Wednesday, Nov 5 2008

Two years ago, Gustav Estjes was ready to quit rock music.

The 28-year-old multi-instrumentalist mastermind behind Swedish psych-folk rockers Dungen had just put the finishing touches on Tio Bitar, the group's fourth release since forming in Stockholm in 1999, and the second for which Estjes wrote all the songs, played most of the instruments, and recorded, mixed, and mastered the music all himself.

"After Tio Bitar, I was exhausted," Estjes recalls. "I left Stockholm and went to my house out in the country. I didn't want to do any Dungen music: no touring, no playing ... nothing."

Estjes decamped to his familial home in Alstermo, a small village in southern Sweden of less than 900 residents where his mother and grandmother grew up. The town has been a respite for Estjes whenever the rigors of touring or grind of city life became too much. "I'm very lucky to be able to live in Stockholm but also be able to go there," he says. "I need both, the city and the country life."

While Estjes spent most days painting houses for work, his nights were soon filled with music again after his grandmother gave him her old, upright piano. "I used to play it a lot as a kid at her house," he says. "She took really good care of it and tuned it every year, so it sounds really good. I brought it to my house and started playing it, and all of a sudden, I had enough material for another Dungen record."

Reconnecting with his grandmother's piano stirred something in Estjes. Rather than write and record a song in a single day, as was his practice for past Dungen albums, Estjes wanted to spend more time writing and arranging the songs. It was a lesson he took from Jonny Soling, his longtime teacher and one of Sweden's most accomplished fiddlers.
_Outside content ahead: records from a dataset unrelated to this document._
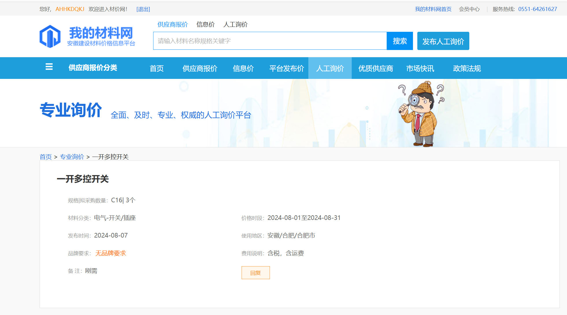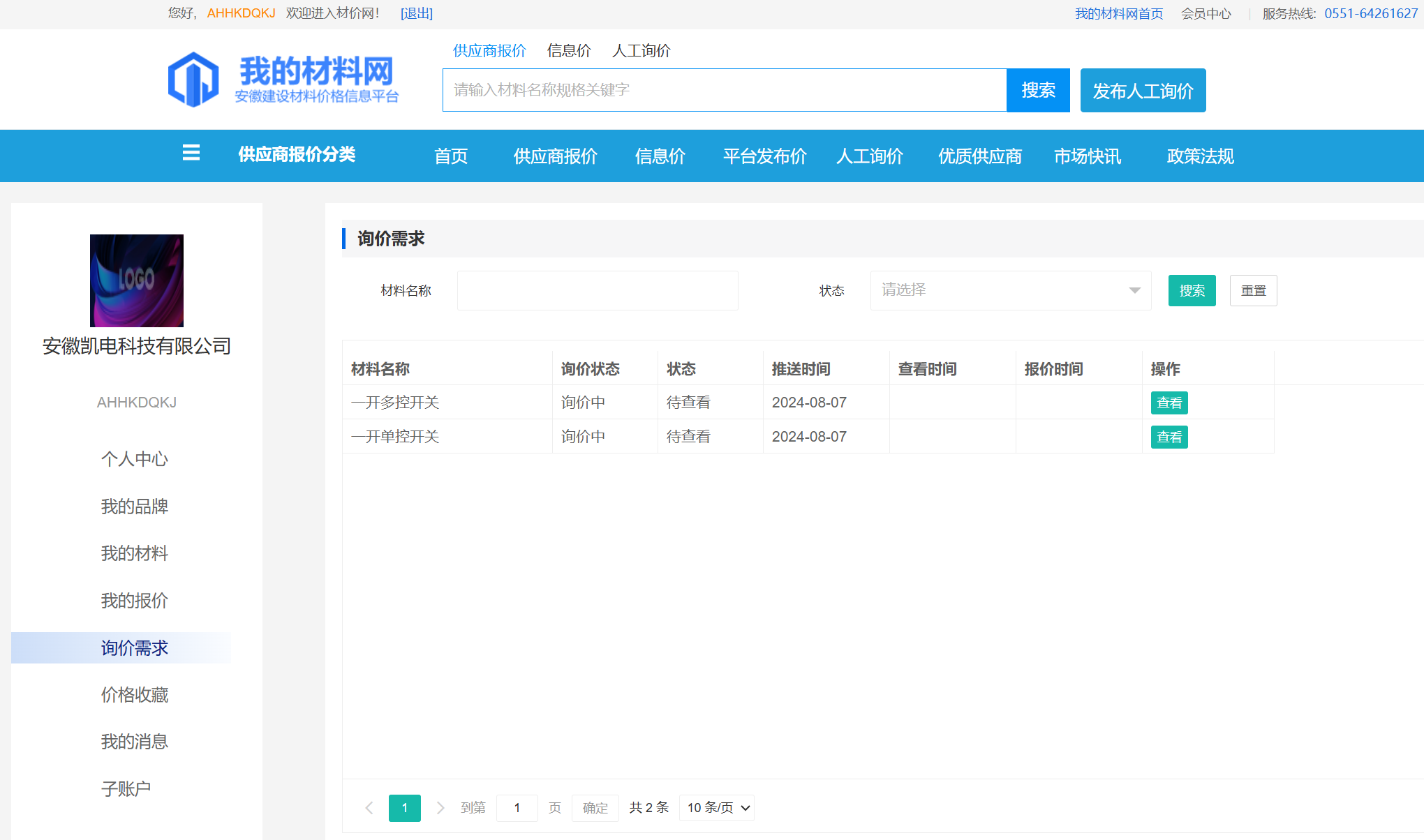 会员中心->询价需求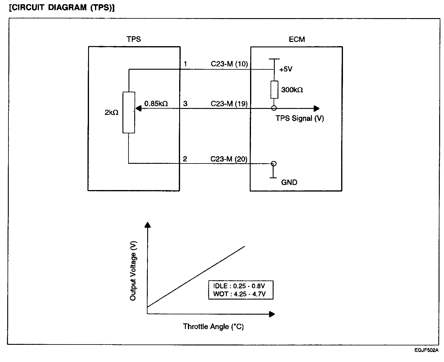 The TPS is a variable resistor type that rotates with the throttle body throttle shaft to sense the throttle valve angle. As the throttle shaft rotates, the output voltage of the TPS changes. The ECM detects the throttle valve opening based on voltage change.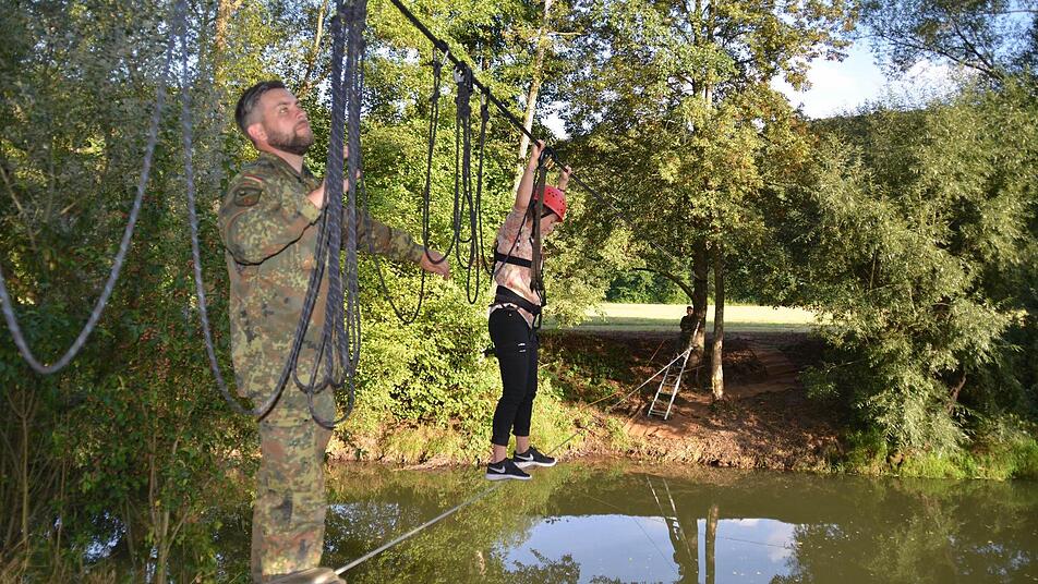 Welches Wissen und Können in Hammelburg vermittelt wird, das konnten die Besucher beim Familientag am Nachmittag ein Stück weit erleben. So gab es ein kleines Biwak im Kurpark, in dem die Soldaten das Leben im Felde vorstellten.

"He's been playing traditional Swedish folk music for like 30 or 40 years and has a repertoire of about 25 tunes," Estjes says. "He's obsessed with making the songs alive and new, so he makes small changes to them all the time. I wanted to do that with my music and really work on the tune of the song."

The 10 tracks that comprise Dungen's new album, 4, borrow equally from jazz ("Det Tar Tid"), acid-rock ("Sätt Att Se"), pop ("Mälerås Finest") and even some funkier grooves ("Ingenting Är Sig Likt," "Fredag"). Though the two-part instrumental madness of "Samtidigt 1" and "Samtidigt 2" will have fans of the band's long improvisational jams flipping their lids, 4 reveals a more focused effort from Estjes that is due in part to a change in his recording process. For the first time since the band's 2001 self-titled debut, Estjes asked his bandmates — drummer Johan Holmegard, bassist Mattias Gustavsson, and guitarist Reine Fiske — to join him in the studio, which resulted in a tighter, full-band record, compared to the sprawling visions of 2007's Tio Bitar and 2004's marvelous Ta Det Lugnt.

"I'm still a control freak," Estjes says with a deprecating laugh. "I still set everything up before we start recording, but the only difference now is that I have the guys play on it instead of playing all the instruments myself. Reine is the best guitarist in the world, in my opinion. He has this very delicate tone that is his own style, and Johan is like an extension of my drumming dreams. They're very much a part of this music now, too."